Her desire to help those around her extends beyond her studies and even Students for Soldiers. During her freshman year, she went on a medical mission trip to Peru, where she worked with people who did not have access to clean drinking water. While at an orphanage there, she met a little girl who was visibly enchanted by her camera. Walker proceeded to show the girl her camera and they even ended up taking a selfie together.
“It hit me that something like a camera, something that was so common to me and that I hadn’t thought twice about, was so mesmerizing to this little girl who had never seen one before,” Walker said.
She volunteered throughout her her junior year at St. Elizabeth’s Hospital and this past summer also volunteered at a hospital in Colorado, where she gained experience in an emergency room working with people with traumatic brain injuries. One particular instance that stuck with her involved a newborn baby that kept having seizures and the doctors could not identify a cause. What really moved her about this situation was the fact that she never found out what happened to the baby, which bothered her deeply. Even though doctors never usually see a patient through their ordeal in an emergency room and beyond, she feels prepared to face these sorts of gruesome situations and is not repelled by trauma due to her own history of spinal trauma.

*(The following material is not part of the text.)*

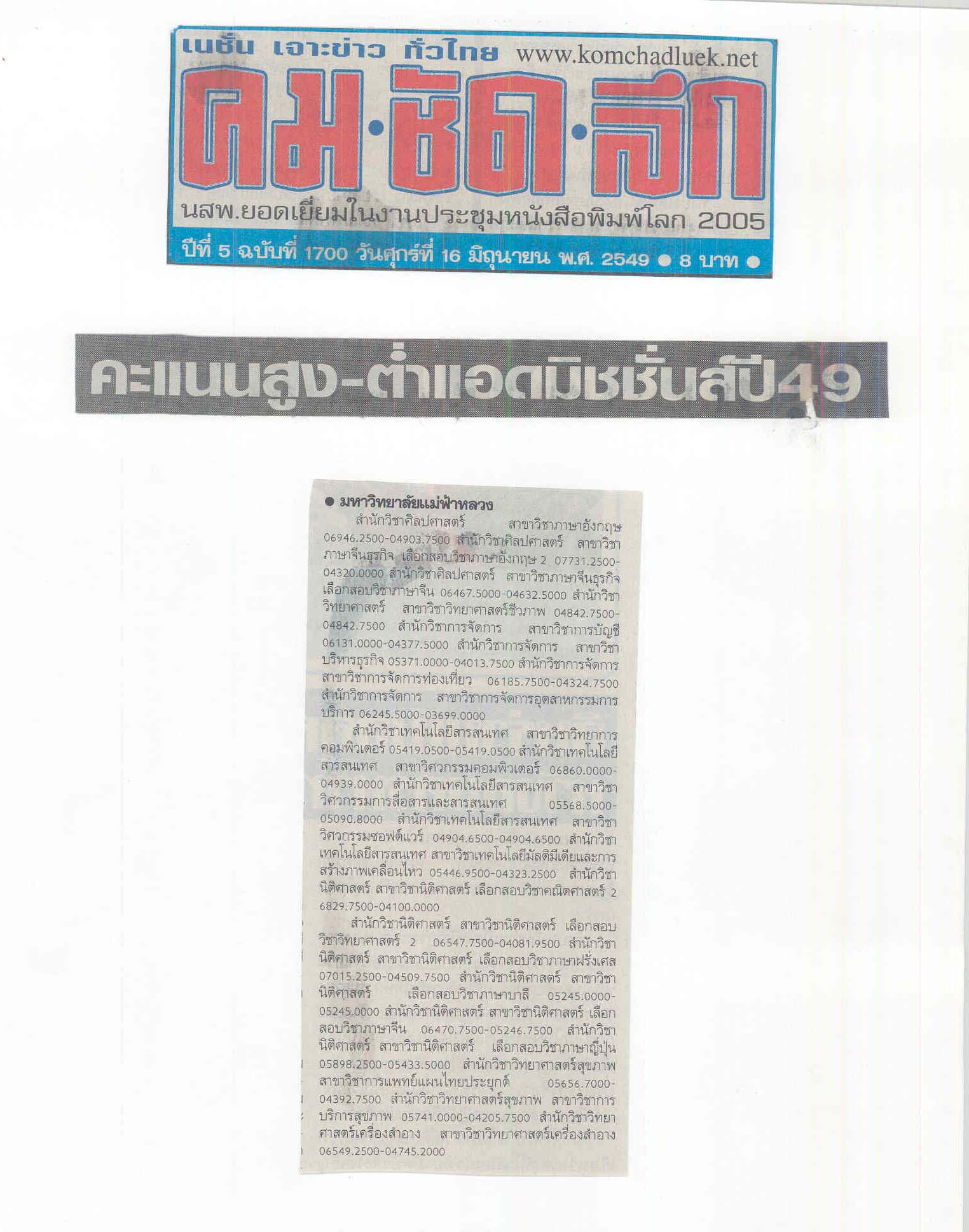 กฤตภาคข่าวมหาวิทยาลัยแม่ฟ้าหลวง ส่วนกลาง พ.ศ. 2549 กล่อง 5

Her work with patients with traumatic brain injuries over the summer at the hospital in Colorado through the Breckenridge Outdoor Education Center involved her taking them mountain biking and climbing, things they normally could not do from their wheelchairs if the program had not offered them the chance.
“I want to be able to help people who have had traumatic situations like that just because I know what it was like and I know how frustrating it was to go through something like that at such a young age,” Walker said.
With her time at BC winding down, she has taken advantage of many opportunities to enhance her spiritual growth. She dabbled in the Buddhism club freshman year and now studies it further in a class, which has impacted her. She was a leader for Kairos and loved how the experience emphasized connection with others. While she is a little sad to leave BC, she is excited to start her career in the real world and help others in a bigger way.
“I feel like my life would be wasted if I didn’t use the blessings that I have to do good for others,” she said.